The Byway loop begins in the original art colony of Taos and meanders through the Hondo Valley where famous author D.H. Lawrence once lived. The D.H. Lawrence Ranch was recently reopened to the public through the end of October. Hours are from 10 a.m. to 4 p.m. Mondays, Thursdays, and Saturdays.

Leaf peepers will notice Wheeler Peak along the windy road to Questa which is just half an hour north of Taos. The Wild Rivers area is where the Red River behind the town joins the Rio Grande in its deep and dramatic gorge. From Questa, the steep ascent into Red River is unusually scenic, offering stirring vistas of spruce and aspen.

Eagle Nest
Known as the Gateway to the picturesque Enchanted Circle in North Central New Mexico, Eagle Nest is conveniently located near Angel Fire Ski Resort and Red River ski area, Eagle Nest Lake, Cimarron Canyon, and Vietnam Veterans Memorial State Parks. (Source: iredriver.com)

Eagle Nest, just south of Red River, has a beautiful 2,400 acre lake stocked with trout and kokanee salmon and a chance to see wildlife such as elk, deer, bear, and eagles. The drive culminates with a stop at Angel Fire where the Vietnam Veterans Memorial State Park stands. Built by one family as a shrine to their fallen son, the site is one of unusual emotion and presence. The drive returns to Taos along Highway 64.

Expect to see aspens changing to a vibrant gold along the drive in addition to Gambel Oak which transforms into a rusty red hue in fall. Golden cottonwoods along the Rio Grande River should also be visible in Taos.

Alternate directions (east to west) along the Enchanted Circle from Taos are: turn east on NM 585 (Paseo del Cañon), which dead ends at US 64, turn right. US 64 continues to Angel Fire and Eagle Nest. From Eagle Nest, turn north on NM 38 to Red River and into Questa. In Questa, turn south (left) on NM 522 which returns to Taos.

Another option for visitors seeking an eye-full is the “High Road,” which totals over 100 miles roundtrip, but offers awe-inspiring scenery and remote mountain villages that cling to their Spanish colonial roots.

Fall is a season of color in Taos: the gold of aspen and cottonwood trees, the red and green of chile peppers, and the multi-colored artist's palette.
Fall is a season of color in Taos: the gold of aspen and cottonwood trees, the red and green of chile peppers, and the multi-colored artist’s palette.

Along with a multi-hued feast for the eyes, Taos has many colorful cultural offerings in late September and early October including the 40th annual Fall Arts Festival and Taos Wool Festival, to name a few.

The oldest art festival in Taos—Taos Fall Arts Festival—features nine days of art events including The Paseo on September 26 which will feature outdoor art installations, performances, and visual projections.

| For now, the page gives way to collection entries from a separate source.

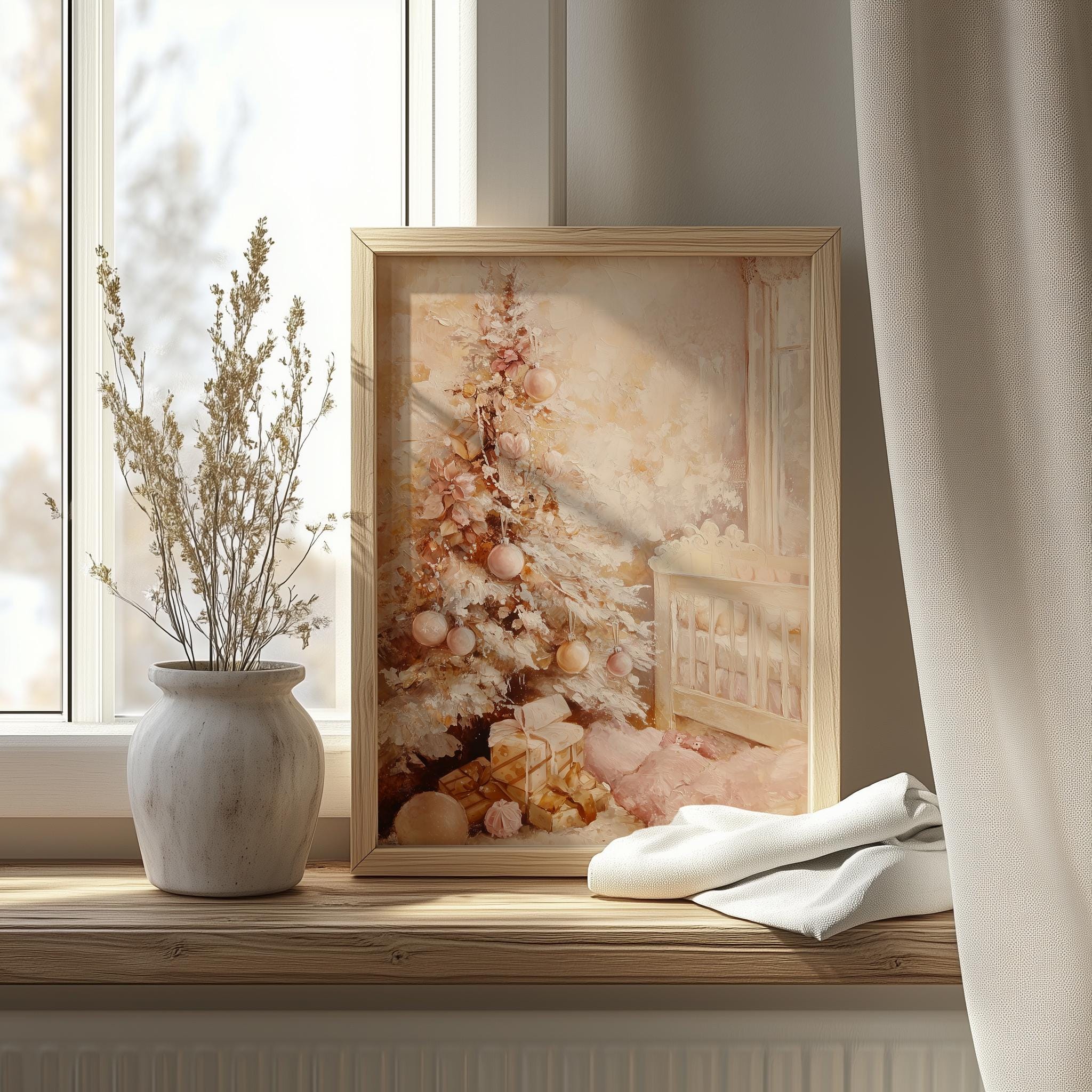 Immerse yourself in the charm with this rustic painting of a delightful pink Christmas tree surrounded by soft pastel hues. An instantly downloadable print, it's perfect for elevating your decor with budget-friendly charm. This gives you the flexibility to customize the size, frame, and material according to your personal taste and space, ensuring a perfect fit for your walls.
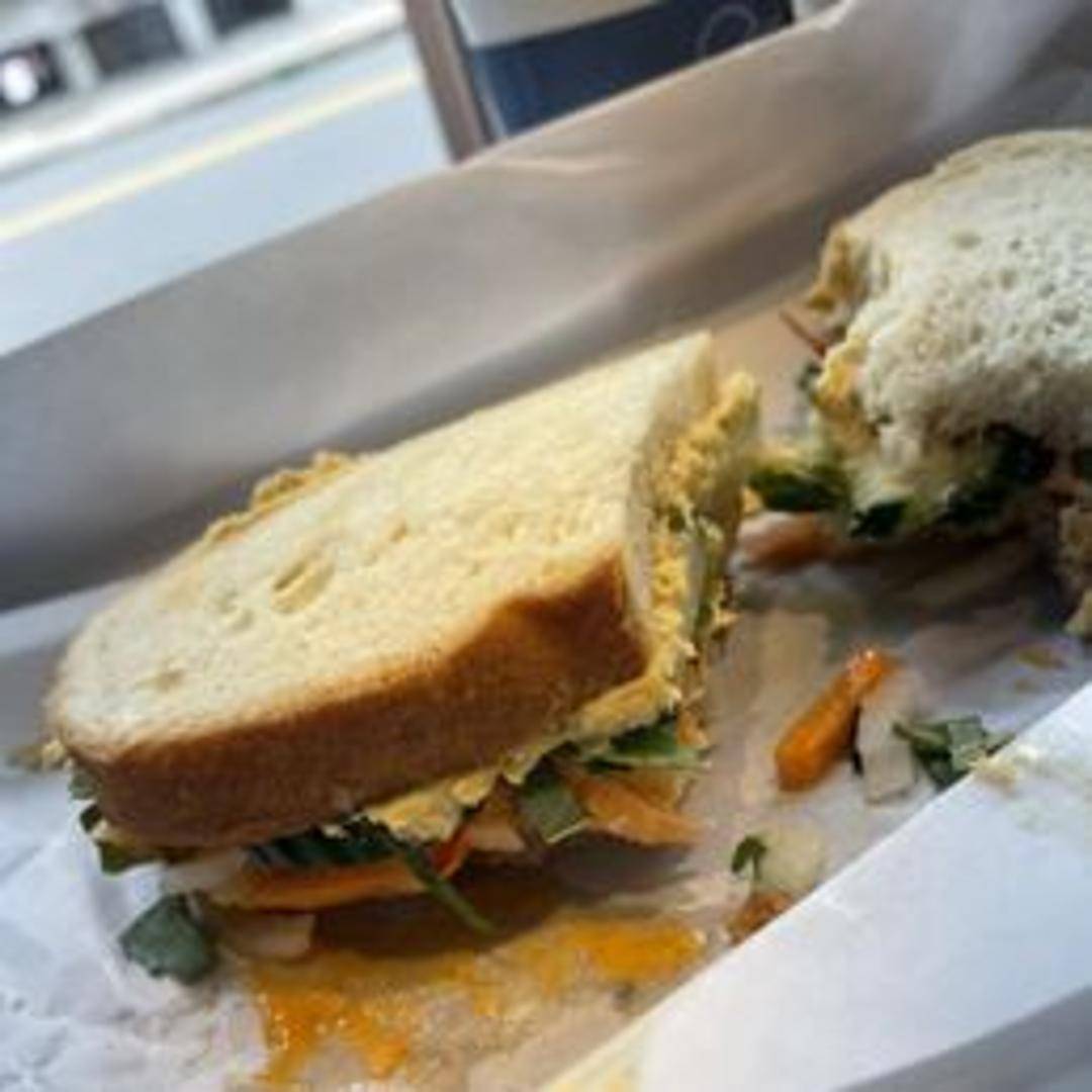 A hearty and healthy sandwich featuring creamy house-made hummus, fresh vegetables like cucumbers, sprouts, and tomatoes, and a drizzle of tahini sauce on your choice of bread. Vegan and full of flavor.
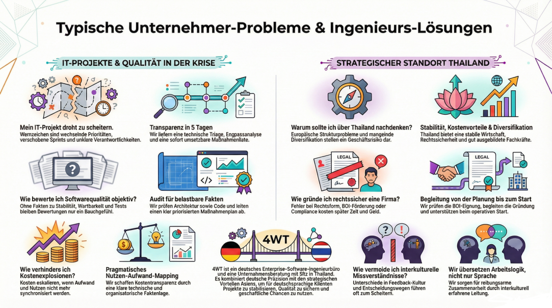 In unserem Ingenieurbüro 4WT in Thailand verbinden wir technische Systemanalyse, KI-Integration und robuste Softwarearchitektur mit 15 Jahren Asien-Erfahrung.
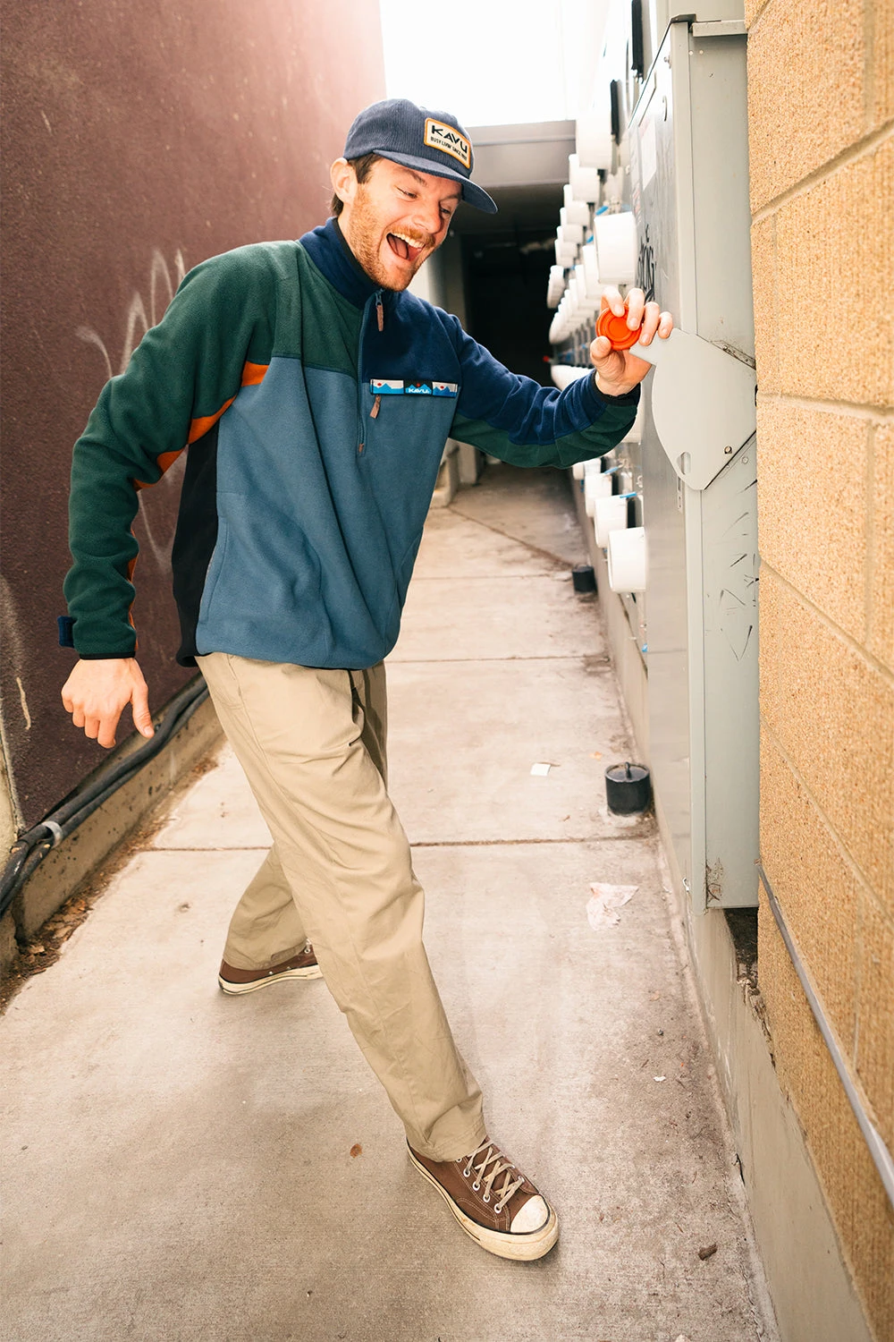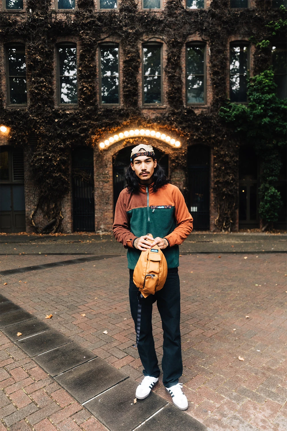 This quarter zip polar fleece is KAVU to the core. One Sasquatch inspired print and two burly solid color blocks are accented by a color coordinated strip of nylon tubular webbing on the left chest pocket. Pacific Northwest core for the win!
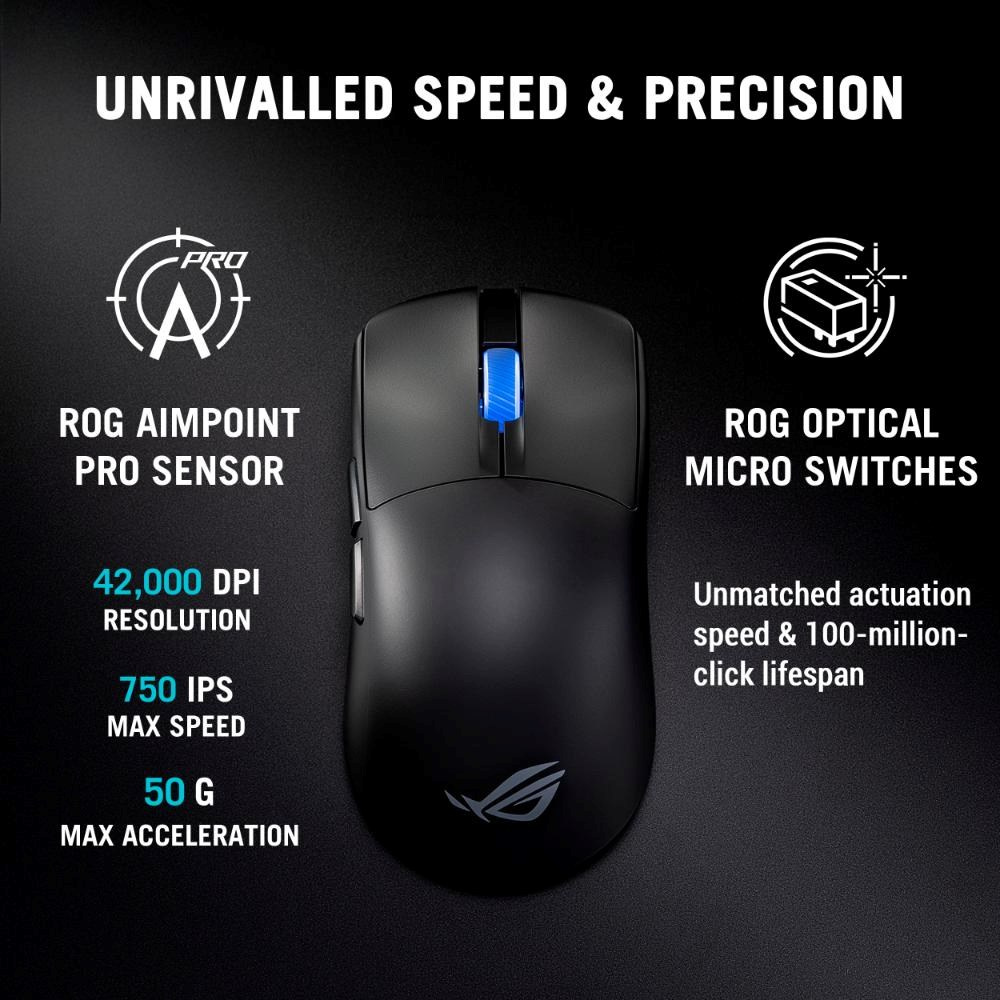 ROG Harpe II Ace je ultrajemná 48g polosymetrická herná myš, ktorej tvar bol vyvinutý s pomocou profesionálov v oblasti esportu. Je vybavená radou profesionálne schválených technológií, vrátane optického senzora ROG AimPoint Pro s rozlíšením 42 000 dpi, optických mikrospínačov ROG a špičkového bezdrôtového výkonu s frekvenciou 8 000 Hz a bezdrôtovou technológiou SpeedNova 8K.
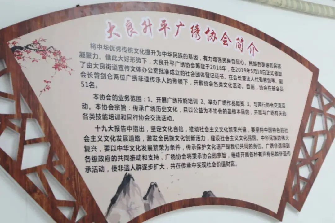 升平广绣协会积极响应党的二十大精神,推进文化自信自强,将终身教育与非遗文化传承相结合。通过社区教育和老年教育,协会为居民提供了丰富的学习机会,实现了文化传承与个人成长的双赢。社区内设立的非遗工坊,聘请了非遗传承人和专职人员,开展传统工艺技能培训。
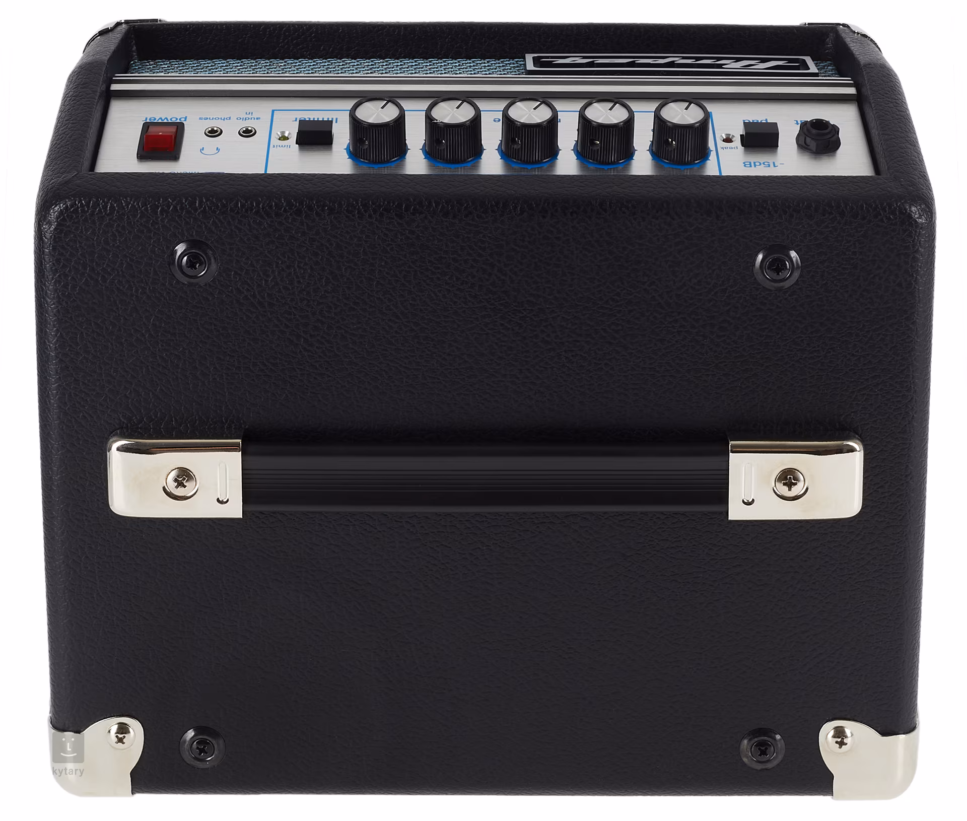 Na prednom paneli tohto zariadenia nájdete štandardné prvky. Prvým je vstup pre váš nástroj, ktorý má prepínač pre -15 dB pad, aby si jednotka optimálne rozumela s pasívnymi aj aktívnymi nástrojmi. Ďalej tu nájdete štandardnú sadu potenciometrov, a to Gain, Bass, Mid, Treble a Volume. V spolupráci s Gainom funguje LED dióda Peak, ktorá indikuje orezanie. Na prednom paneli sa nachádza aj zabudovaný spínač limitéra s LED diódou signálu, vstup pre externé zariadenia, ako sú CD alebo MP3 prehrávače, a výstup pre slúchadlá.
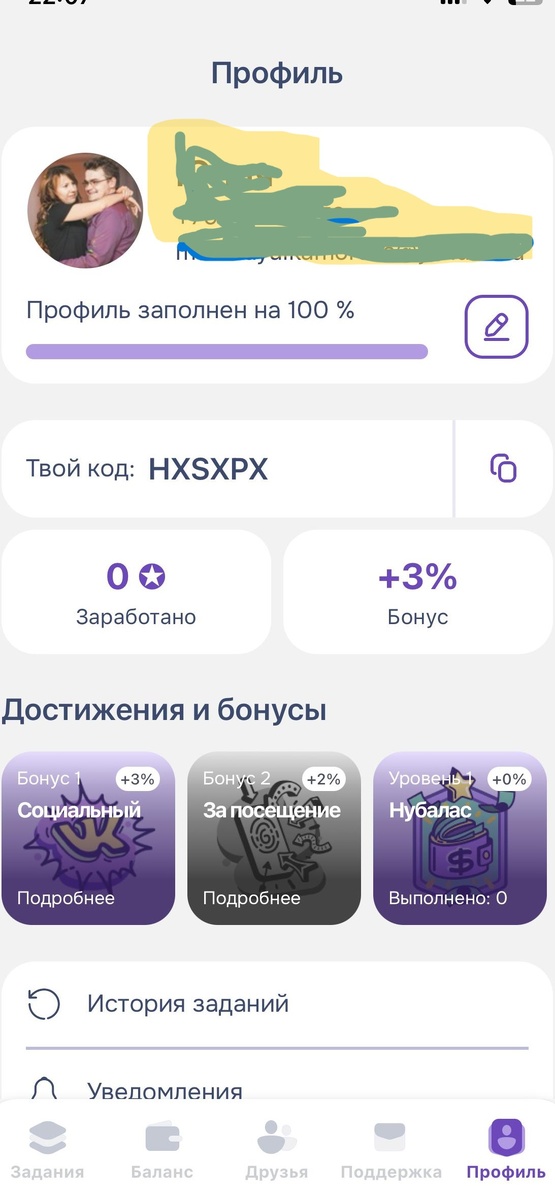 Давно себе искала небольшую подработку в интернете пока сидела в декрете. Сначала знакомая подписала меня на платформу Инстарт. Там как аз можно было заплатить 1500 рублей, чтобы тебе дали доступ к самым топовым приложениям по заработку на заданиях. Честно скажу, своих денег это не стоило. Эти сайты я знала и без доступа. Сначала там давалось много опросников таких как Экспертное мнение, Анкетка, Ютлинк и прочие, пробовала первый. Для того, чтобы заработать первую 1000 рублей, у меня ушло полгода, так как снять можно было только от 1000 рублей. Заданий приходит очень мало, половину опросов проходишь по полчаса, а потом сайт пишет, что вы не проходите под опрос. Яндекс Дзен вообще доход не приносит, хотя я на монетизации я давно. Анкетка и ютлинк вообще приносят копейки. И вот недавно нашла такие классные сайты, как GuruApp и AppStart. Для первого заходим в профиль, заполняем его и сразу приходят задания. Если ввести промокод который я напишу ниже вам будет небольшой бонус Потом прихо

Taos Selects, Distinguished Achievement Awards, Memorial Wall, Pecha Kucha Night, and many more special events are intertwined within this amazing festival which takes place September 26–October 5. Visit taosfallarts.com for details.

One of Taos’ signature events—the 31st Wool Festival at Taos—will be held on October 4 and 5 and includes juried fiber arts creations; critters corner with live animals; demonstrations; silent auction; kid’s hands on section; contests; food vendors and more. Visit taoswoolfestival.org to learn more about the free event.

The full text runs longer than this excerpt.